Saturday 14 May 2011

Countryfile


After much feverish last-minute texting and e-mailing our team was assembled at Paxton Pits Nature Reserve. It was exactly 5.15 am and the weather was perfect; calm, still and clear as could be.


The team comprised of Delia Shannon, John Minnie and Keith Ridout from Aggregate Industries and Dr Ray Matthews (Chairman of the Friends of Paxton Pits Nature Reserve). I was present to act as guide and make the tea. We were all there to meet a crew from the BBC who had been staying nearby in St. Neots overnight to be ready for the early start.


Dean Jones was quick and businesslike; obviously in charge while Jim Blanche, who was festooned with boxes and wires, was busy from the off. A ludicrously big, furry microphone on a stick revealed him to be the sound-man. Methodical Dave Ronnie had a Volvo full of tripods and cameras, so no prizes there. And finally John Craven, who not only looked and sounded familiar but had a manner that made you think that you were picking up a conversation where you had left it yesterday.

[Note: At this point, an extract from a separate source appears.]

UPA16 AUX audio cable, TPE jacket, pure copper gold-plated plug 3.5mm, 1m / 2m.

We were off to hunt down a nightingale. Not just to hear it, but to capture it forever on film. As simple as that!


I had stood around for the previous hour and only heard one nightingale, a long way off. Although the weather was perfect, Ray and I were a bit worried as we passed three territories with not a peep. I parked my car near one bird that was singing in a half hearted way and he promptly packed up. We decided to push on to our favorite spot where four territories converge as this would give us a better chance of success and, ‘Bingo’, there was our bird, singing his heart out from the middle of a hawthorn. We couldn’t see him but we knew that if we waited he would move, and he did, three times, and always to the middle of another bush.

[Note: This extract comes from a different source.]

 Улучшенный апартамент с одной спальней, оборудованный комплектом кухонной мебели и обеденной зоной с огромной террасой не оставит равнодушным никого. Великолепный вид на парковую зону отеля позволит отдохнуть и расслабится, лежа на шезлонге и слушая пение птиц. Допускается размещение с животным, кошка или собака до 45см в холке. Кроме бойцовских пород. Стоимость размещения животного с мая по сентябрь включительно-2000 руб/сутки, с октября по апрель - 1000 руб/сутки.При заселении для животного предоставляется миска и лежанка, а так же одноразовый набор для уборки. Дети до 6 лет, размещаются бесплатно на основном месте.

Leaving the crew with “Mr Bashful” I went in search of a more co-operative songster and found him in an ash tree near our farm-yard. Although I scanned the whole tree through binoculars I still couldn't see him. But then a young man on a bicycle peddled past, casually glanced up and pointed to the tree saying “Nightingale,‘See him?” I sent him back to get the team and the rest of the session went perfectly. That bird sang in the open for something like half an hour while the climbing sun gave him strength. It was John Craven’s first nightingale.


Ray and John (who look like twins) conducted a short piece to camera (several times) about the nightingales at Paxton and it was ‘in the can’ (as we broadcasters say).


Dean wanted a few shots of the sorting plant to illustrate what the Reserve would have looked like immediately after quarrying; the point being that we can create new habitat and wonderful places for people too. But we knew that, didn't we?


You can see the resulting two minutes of Paxton Pits at its best on the Countryfile Programme, on Sunday May 29th. Look out for a clip of John Craven speaking from Priory Park as well.